Tanshinone IIA (Compound 5) at 0–2.5 μg/ml exerted a protective effect by down-regulating NLRP3, caspase-1 (CASP1), IL-1β, and IL-18 in BV-2 cells (32). The male Sprague–Dawley rats (n = 15) treated with this compound at 10 mg/kg/day (i.p.) for 1 week down-regulated tumor necrosis factor alpha (TNF-α), IL-4, TLR4, MyD88, NLRP3, and NF-κB p65 expression levels and up-regulated IL-10, tumor growth factor-beta (TGF-β), phosphatase and tensin homolog (PTEN), phosphoinositide 3-kinase (PI3K), and AKT (also called protein kinase B) phosphorylation levels (33). Liu and coworkers have recently shown that in A549 cells, paclitaxel (Compound 6) can cause apoptotic cell death by ROS-induced caspase-3 activation via the activated apoptosis signal-regulating kinase 1 (ASK1)/p38 mitogen-activated protein kinase (MAPK) signaling pathway (25). On the other hand, sodium tanshinone IIA sulfonate (Compound 4) reduced the overproduction and overexpression of cardiac ROS and thioredoxin-interacting protein (TXNIP), respectively, through diminishing the Janus kinase 2 (JAK2)–signal transducer and activator of transcription 3 (STAT3)/insulin signaling/peroxisome proliferator-activated receptor-α (PPAR-α) pathway in Beagle dogs (34). In another study, kaurenoic acid (Compound 7) restored the production of nitric oxide (NO) in a constitutive NO synthase- (cNOS-) dependent fashion, increased the formation of IL-1β, and elevated the expression of NLRP12 in Leishmania amazonensis infected BALB/c mice (35). Phorbol myristate acetate (Compound 8) at 100 nM down-regulated the mRNA expression of CASP1, IL-1β, IL-18, myeloid leukemia cell differentiation protein 1 (MCL1), NLRP3, as well as PYCARD expression in BALB/cMlac mice neutrophil cells (36). In contrast, geranylgeraniol (Compound 9), diterpenoid alcohol, at 50 μM was found to reduce the expression of NLRP3 gene and mitochondrial dysfunction-linked programmed cell death in a neuronal cell line (Daoy) (37).

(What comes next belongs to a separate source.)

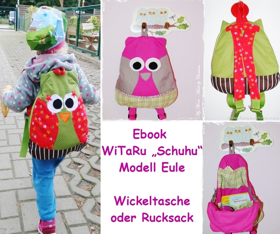 Das Ebook erklärt Schritt für Schritt in Wort und Bild auf 39 Seiten, wie die Tasche genäht wird. Dazu gibt es den achtseitigen Schnitt der WiTaRu "Schuhu".
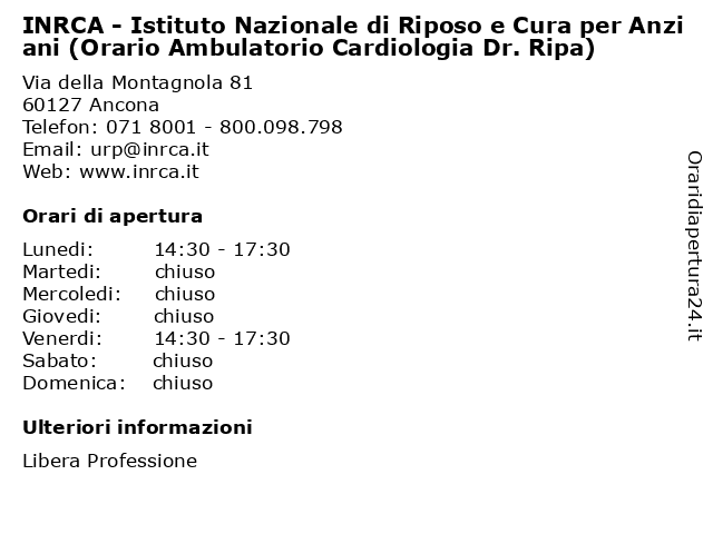 Tag di ricerca per INRCA - Istituto Nazionale di Riposo e Cura per Anziani (Orario Ambulatorio Cardiologia Dr. Ripa):di, per, dr., cura, ambulatorio, nazionale, analisi cliniche, ospedale, (orario, riposo, istituto, anziani, cardiologia, visite specialistiche, esami diagnostici, cure mediche, inrca, ripa) |

Andrographolide (Compound 10), the bitter diterpene lactone, at 7.5 and 15 mg/kg exerted an anti-colitis and anti-tumor effect by lowering the expression of cleaved CASP1, IL-1β, and mitochondrial membrane potential collapse via the PIK3CA–AKT1–MTOR–RPS6KB1 pathway. It additionally increased the disruption of NLRP3–PYCARD–CASP1 complex formation and mitophagy in macrophages, inactivated the NLRP3 inflammasome, and induced autophagy in mice (38). In another study, andrographolide was also seen to down-regulate the expression of TNF-α, IL-1β, and NLRP3 and suppressed ROS-mediated NF-κB expression in ovalbumin (OVA)-induced female C57/BL6 mice and BMDM cells (39). Furthermore, a recent study in mice HepG2 cells demonstrated that this diterpene lactone exhibits a hepatoprotective effect in choline-deficient, l-amino acid defined (CDAA)-fed mice; this was accomplished by reducing the hepatic inflammation and fibrosis. It also lowered the hepatic mRNA levels of both pro-inflammatory and pro-fibrotic genes, as well as hepatic macrophage infiltration, and reduced the expression of inflammasome genes, IL-1β expression through NF-κB inhibitory pathway, and inflammasome disassembly (40). In addition, research findings revealed that Compound 10 (a) lowers the overexpression of LPS-induced high-mobility group protein 1 (HMGB1), TLR4, NF-κB, cyclooxygenase-2 (COX-2), inducible nitric oxide synthase (iNOS), and NLRP3, (b) suppresses the overexpression of microglial macrophage inflammatory protein 1-alpha (MIP-1α) and P2X7 receptor, along with its downstream signaling mediators, including CASP1 and mature IL-1β, and (c) modulates the expression of protein markers, such as protein kinase C (PKC), phosphorylated cAMP response elements (p-CREB), amyloid-beta (Aβ), amyloid precursor protein (APP), p-tau, synapsin, and PSD-95 in mouse glial cells (41).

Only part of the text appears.